In this paper, in order to support the peak current limiting function depending on the intensity of the fault current at the early stage of failure, a two magnetically coupled type superconducting fault current limiter (SFCL) is proposed, which includes high-Tc superconducting (HTSC) element 1, where the existing primary and secondary coils are connected to one iron core in parallel, and HTSC element 2, which is connected to the tertiary winding using an additional iron core. The results of the experiments in this study confirmed that the two magnetic coupling type SFCL having coil 1 and coil 2 connected in parallel using dual iron cores is capable of having only HTSC element 1 support the burden of the peak current when a failure occurs.
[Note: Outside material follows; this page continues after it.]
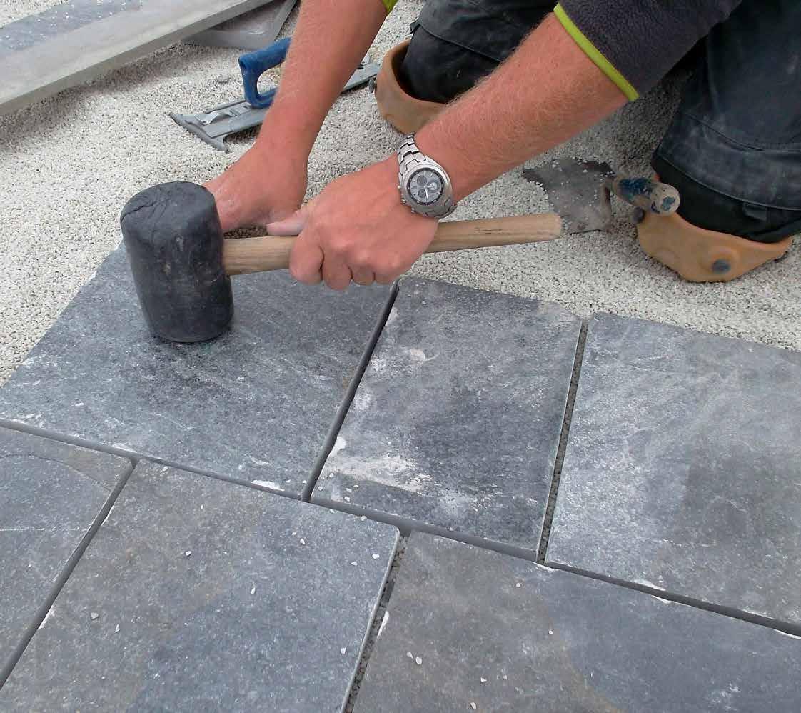 In der am tiefsten Punkt der Fläche gelegenen Ecke im rechten Winkel beginnen. Für die fluchtgerechte Verlegung eine Schnur spannen. Material von der bereits verlegten Fläche aus höhengerecht auf die Bettung verlegen. Platten von Hand oder mit Plattenheber verlegen und mit einem geeigneten Hammer einklopfen.
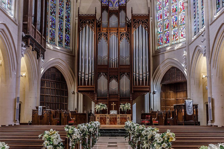 フランス・パリ、遊覧船や河畔を散策する人々で賑わうセーヌ川の畔に佇む、高い尖塔が目を引く教会。ティファニー社より寄贈されたステンドグラスが美しい教会でクラシカルウェディング。

The reason for this is that although HTSC element 1 was quenched and malfunctioned because the instantaneous factor of the initial fault current was large, the current flowing to coil 3 did not exceed the critical current, which would otherwise cause HTSC element 2 to be quenched and not function. In order to limit the peak current upon fault through the sequential HTSC elements, the design should allow it to have the same value as the low value of coil 1 while having coil 3 possess a higher self-inductance value than coil 2. In addition, a short-circuit simulation experiment was conducted to examine and validate the current limiting and recovery characteristics of the SFCL when the winding ratio between coil 1 and coil 2 was 0.25. Through the analysis of the short-circuit tests, the current limiting and recovery characteristics in the case of the additive polarity winding was confirmed to be superior to that of the subtractive polarity winding.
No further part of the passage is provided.